Segment Start: INFORMATION PROVIDED
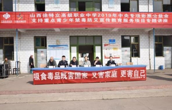10月10日,2019年中央专项彩票公益基金支持重点青少年禁毒防艾宣传教育服务项目专题讲座在我县山西徐特立高级中学举行。县禁毒委、县公安局、团县委等单位领导出席活动。县公安局禁毒大队民警向学校高一、二年级1500多名师生作青少年禁毒教育和预防艾滋病知识讲座,禁毒防艾宣传教育志愿者现场分发各种宣传资料并教同学们识别毒品。校方领导表示,希望同学们要树立“四个意识”,构筑“三道防线”。
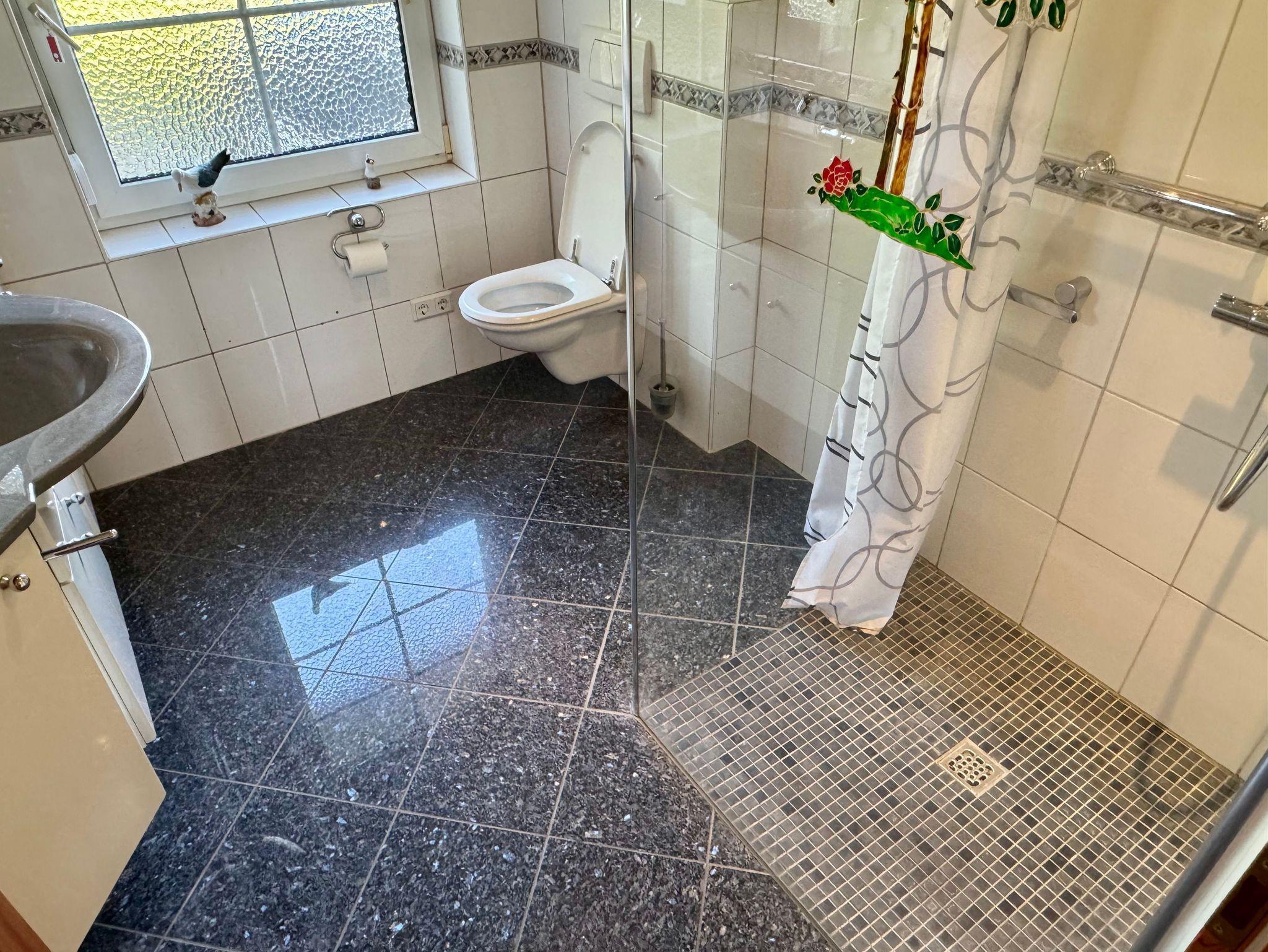 Die vollausgestattete Küche schließt direkt an das schöne sonnendurchflutete Eckerzimmer an, in dem Sie bei tollem Blick ihr Essen genießen können. Weiterhin sind im Erdgeschoß ein Duschbad mit ebenerdiger Dusche und ein Wirtschaftsraum mit Waschmaschine.
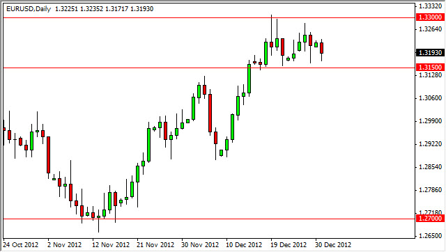 For the time being, I think we will continue to bounce around between 1.3150 and 1.33 or so. Because of this, I think that it is a short-term traders market, and will more than likely be best played off of the 15 minute chart or something of that type. Until we break out of this range, I just simply do not see a media more long-term trade happening.
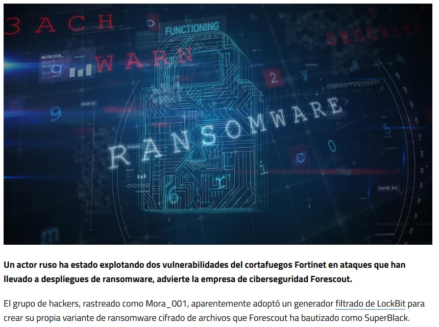- Mora_001 es un Grupo vinculado a LockBit activo en 2025, atacó dispositivos FortiOS y FortiProxy.
Segment End: INFORMATION PROVIDED
* [WHAT IS EXPECTED]
From the line containing "Die vollausgestattete Küche" to the last line of the material, every line is to be reproduced exactly. No picture belongs in the copy.

* [SOLUTION TO THE EXERCISE]
 Die vollausgestattete Küche schließt direkt an das schöne sonnendurchflutete Eckerzimmer an, in dem Sie bei tollem Blick ihr Essen genießen können. Weiterhin sind im Erdgeschoß ein Duschbad mit ebenerdiger Dusche und ein Wirtschaftsraum mit Waschmaschine.
 For the time being, I think we will continue to bounce around between 1.3150 and 1.33 or so. Because of this, I think that it is a short-term traders market, and will more than likely be best played off of the 15 minute chart or something of that type. Until we break out of this range, I just simply do not see a media more long-term trade happening.
- Mora_001 es un Grupo vinculado a LockBit activo en 2025, atacó dispositivos FortiOS y FortiProxy.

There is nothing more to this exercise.